The areas I've marked in this screenshot do not correspond to chunks exactly, but they show how the page renders progressively, using a combination of chunked response and source order:
- #1 - header. Every page has one. Get done with it.
- #2 - buy now. This is what we want the user to do.
- #3 - image. The user wants to see what they're buying. Probably also helps Amazon minimize merchandise returns 🙂
- #4 - title/price. Kind of important too.
The rest of the page - reviews, comments, also buy... all this can wait, it's all secondary. Most of it is way below the fold anyway.
Unfortunately, as far as I know, there's no tool that offers visibility into those chunks - what is the contents of each one and how does it looks like.
Fiddler let's you see the encoded chunked response, but that doesn't help too much. At least it gives you an idea that the response was chunked - you can see under Inspectors/Transformer that there is a "Chunked Transfer-Encoding" checkbox.
Also in Fiddler under the next tab - Headers, you can see the chunked encoding header. And also Fiddler helpfully tells you that the response has been encoded (the yellow message on top)
HTTPWatch let's you see the incomprehensible response, but it also tells you the number of chunks. Note that the number includes the last 0 in the response, so when it says 4 chunks it means actually 3.
I also tried to fill the void in the tools department by attempting a Firefox extension. Unfortunately it didn't work, I couldn't find API exposed to extensions that would give me access to the raw encoded response. Looks like it would be possible as an extension to HTTPwatch or Fiddler though - both offer extensibility, both show the raw response.
Works with gzip!
A common concern is whether chunked encoding works together with gzipping the response. Yes, it does. In this presentation Steve Souders sheds some light (PPT, see slide #66) on how to address common issues and also gives
flush() equivalents in languages other than PHP.

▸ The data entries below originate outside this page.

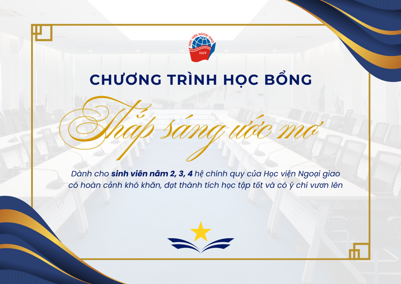 Học viện Ngoại giao trân trọng thông báo Chương trình Học bổng "Thắp sáng Ước mơ" năm học 2025 - 2026, dành cho sinh viên năm 2,3,4 có hoàn cảnh khó khăn và đạt thành tích học tập tốt, vươn lên trong học tập.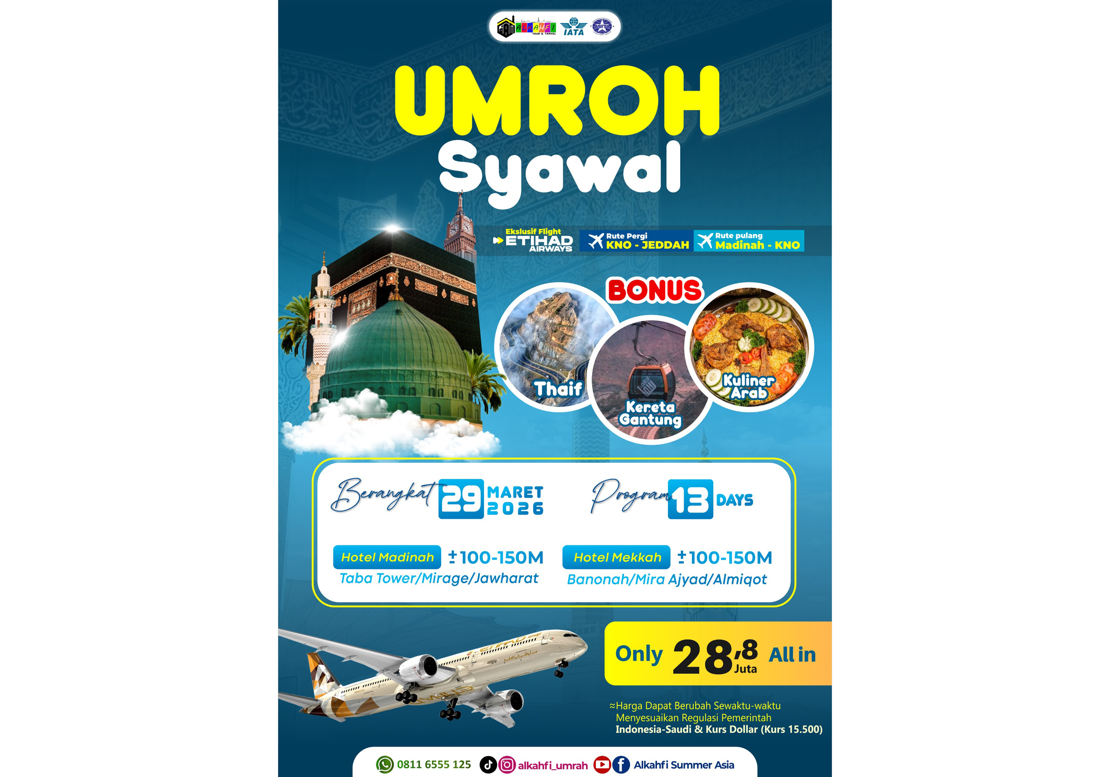Keberangkatan dijadwalkan pada 29 Maret 2026 dengan rute penerbangan Kualanamu (KNO) – Jeddah dan kepulangan melalui Madinah – KNO, sehingga jamaah dapat beribadah dengan lebih khusyuk tanpa perjalanan yang melelahkan.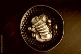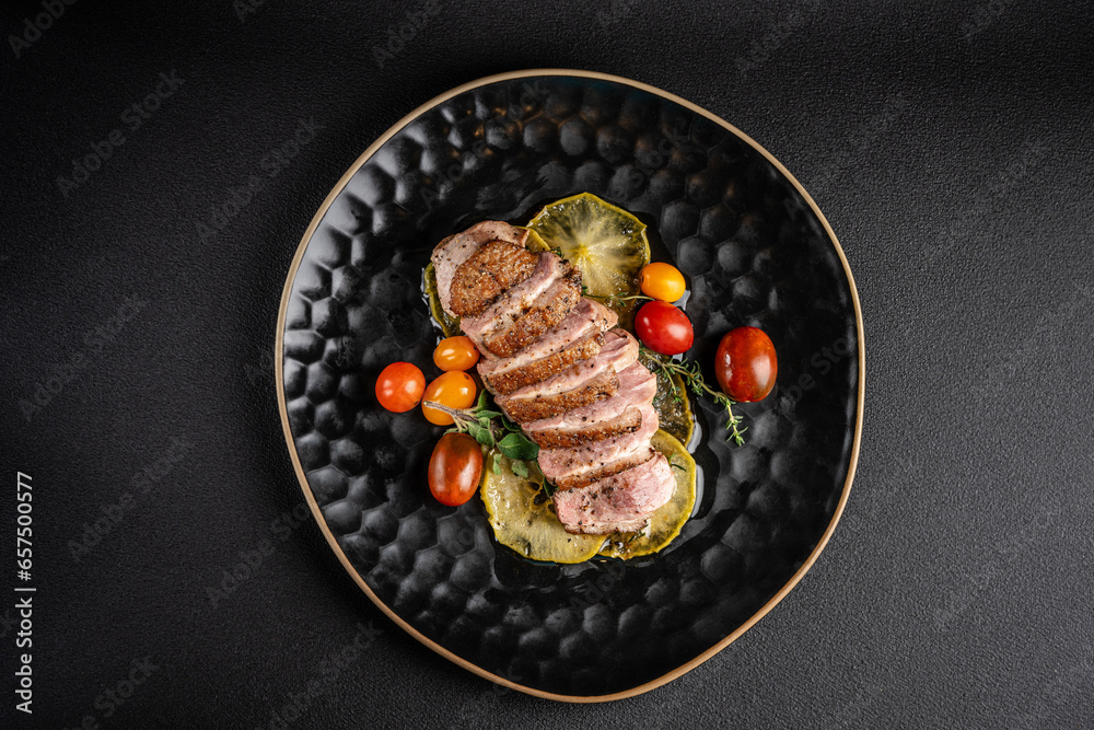 Roasted duck breast fillet on caramelized apples. the dish lies on a black plate on a black background
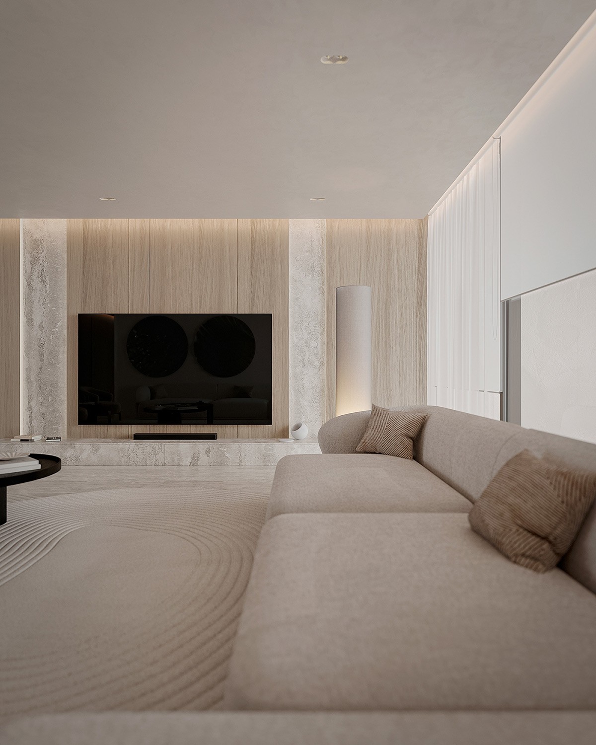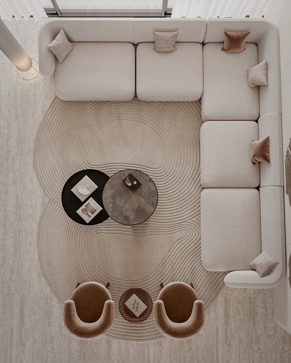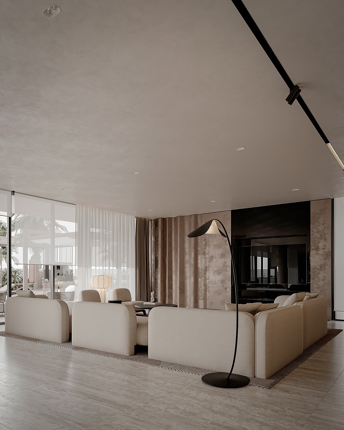 Beige decor radiates an aura of understated elegance and timeless beauty. In the realm of modern living spaces, this versatile hue has garnered tremendous favor for its ability to create a refined and sophisticated ambiance. Using the subtle warmth of soothing neutrality, beige home interiors offer serene settings for relaxation, contemplation, and peaceful family connection. In this article, we invite you to delve into 3 elegant beige living spaces, each expertly visualized by Julia Tkachenko. We’ll look at how dark accents help to anchor a light beige living room scheme, how thoughtful furniture selections boost ordinary spaces into high-end sanctuaries, and how creative lighting installations are truly transformative.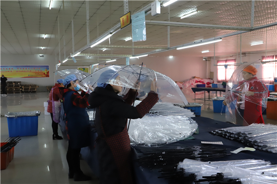 鄲城縣明確傘業(yè)招商專人專責(zé),以商招商、以情招商、以誠招商、以企招商,針對制傘企業(yè),在土地、資金、人才等方面優(yōu)先保障,并在廠房租賃、外貿(mào)出口等方面給予獎(jiǎng)勵(lì)。經(jīng)過精準(zhǔn)對接、取長補(bǔ)短,開放的鄲城終于受到廣大傘業(yè)客商的青睞,吸引了眾多傘企前來,目前已發(fā)展制傘企業(yè)60多家,形成了“縣有總部、鄉(xiāng)有工廠、村有車間、家有班組”的發(fā)展模式和特色產(chǎn)業(yè)鏈條。據(jù)悉,最大的企業(yè)年產(chǎn)量可達(dá)1200萬把雨傘。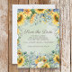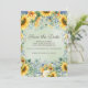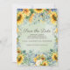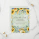Elegant gult solblommor och sage grönt eucalyptus löv kort för bröllop spara datum, personlig med namnen av bruden och brudgummen och deras planerade datum och plats för bröllop.

There's a number of things that can be in the way of successfully implementing chunked encoding+gzip including:
- call ob_flush() in addition to flush() and careful if you have several output buffers started, you may need to iterate and flush all of them
- some browsers may require some minimal amount of content before starting to parse, IE needs at least 256 bytes
- you may need a newer version of Apache
- DeflateBufferSize in Apache may be set too high for your chunk size
- check the the user-contributed comments in the php.net manual for flush() for helpful advice and ideas
- there's ob_implicit_flush() setting which may flush for you instead of you doing flush() every time
It may be tricky to implement multiple (or even single) flushing, but it's well worth it. There's some server setup hurdles when it comes to gzip, but once you figure it out, you only do it once. As a reward you get faster loading times, plus progressive rendering so your page not only has faster time-to-onload by feels that way too.